I discovered Bradbury through The Martian Chronicles. It's not so much a story as it is a collection of short stories from the 1940s and published in both mainstream and sf magazines (with all due respect to Forrest J. Ackerman, "science fiction" ought not be shortened "sci-fi") that Bradbury wove together and published as a book in 1950. Old Time Radio would re-broadcast the 1950s NBC Radio programs Dimension X and X Minus One, which included adaptions of several of these stories. The stories were magic when I discovered them as a young teen, and they remain magic when I return to them in my "advanced youth." (In the 1979-80 TV miniseries starring Rock Hudson, the magic is excised -- so don't bother.)
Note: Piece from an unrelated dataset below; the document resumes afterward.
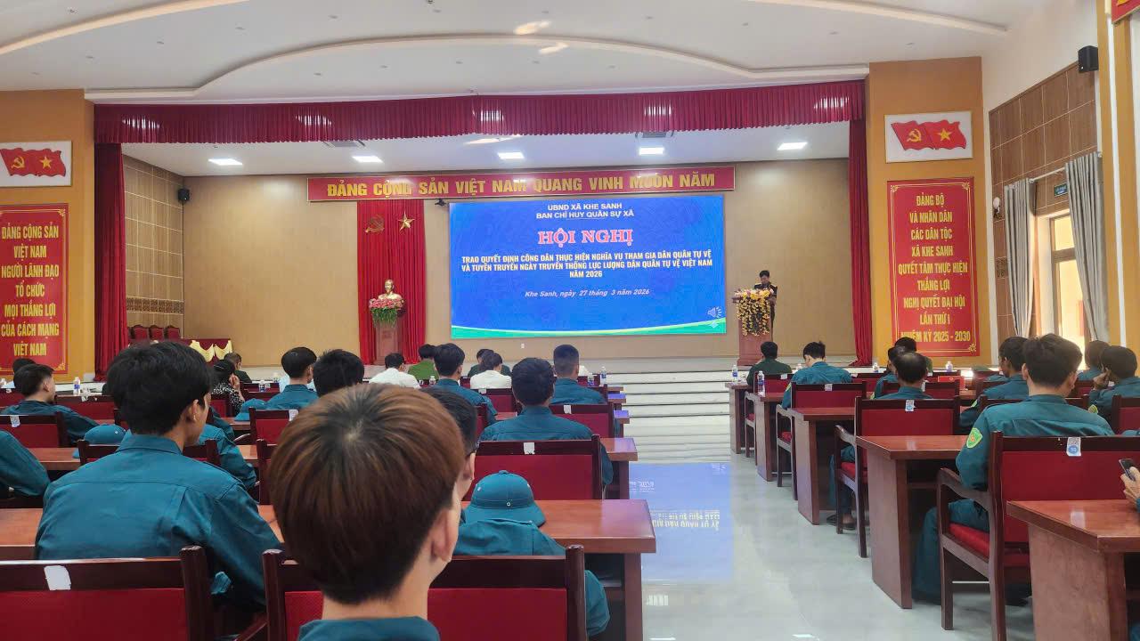 Ngày 27/3 Ban CHQS xã Khe Sanh tổ chức Lễ kỷ niệm 91 năm Ngày truyền thống lực lượng Dân quân tự vệ Việt Nam (28/3/1935 – 28/3/2026), trao quyết định gọi công dân thực hiện nghĩa vụ tham gia Dân quân năm 2026. Tham dự có đồng chí Thái Thị Nga, Phó Bí thư Đảng ủy xã, Chủ tịch UBND xã.

There's much, much more, of course. I'll leave that to the obituary writers, pointing you to this page from the Los Angeles Times where you can see an important side of Bradbury that others may not notice, but with which I connect.
And from the front page today of raybradbury.com:
...In 2005, Bradbury published a book of essays titled Bradbury Speaks, in which he wrote: In my later years I have looked in the mirror each day and found a happy person staring back. Occasionally I wonder why I can be so happy. The answer is that every day of my life I've worked only for myself and for the joy that comes from writing and creating. The image in my mirror is not optimistic, but the result of optimal behavior....And here are my other Ray Bradbury posts.
Throughout his life, Bradbury liked to recount the story of meeting a carnival magician, Mr. Electrico, in 1932. At the end of his performance Electrico reached out to the twelve-year-old Bradbury, touched the boy with his sword, and commanded, Live forever! Bradbury later said, I decided that was the greatest idea I had ever heard. I started writing every day. I never stopped.